### Task item:
Output the first line below and each one after it, exactly, up to and including the line holding "После того, как". Pictures should not be copied.

### Dataset content:
----------

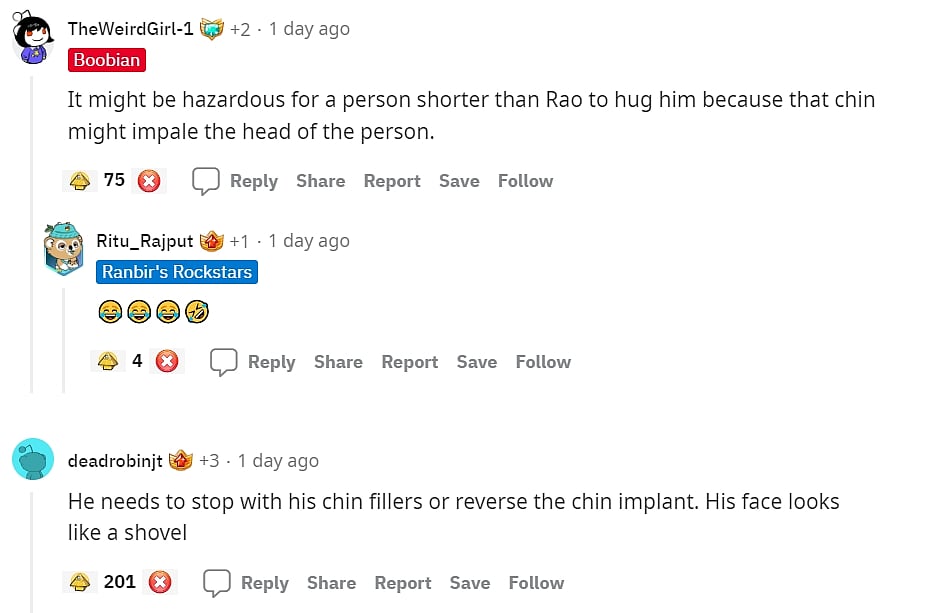 One user wrote, "It might be hazardous for a person shorter than Rao to hug him because that chin might impale the head of the person."
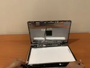 После того, как экран будет отжат от ноутбука, положите его лицевой стороной вниз на клавиатуру.
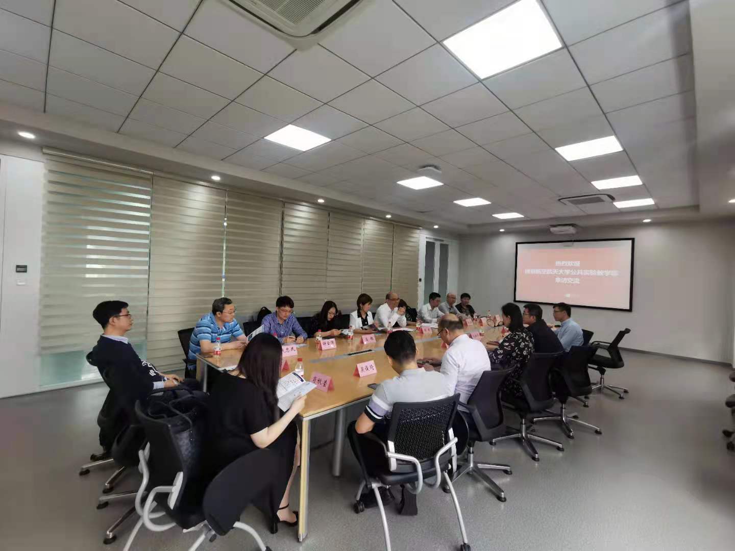 熊振华对学生创新中心的基本情况、建设背景及建设内容进行详细介绍,张庆对公共实验教学部发展理念及建设情况进行了介绍,双方就实践课程改革及学生竞赛指导等内容进行了深入探讨和交流。

----------

### Exercise response:
 One user wrote, "It might be hazardous for a person shorter than Rao to hug him because that chin might impale the head of the person."
 После того, как экран будет отжат от ноутбука, положите его лицевой стороной вниз на клавиатуру.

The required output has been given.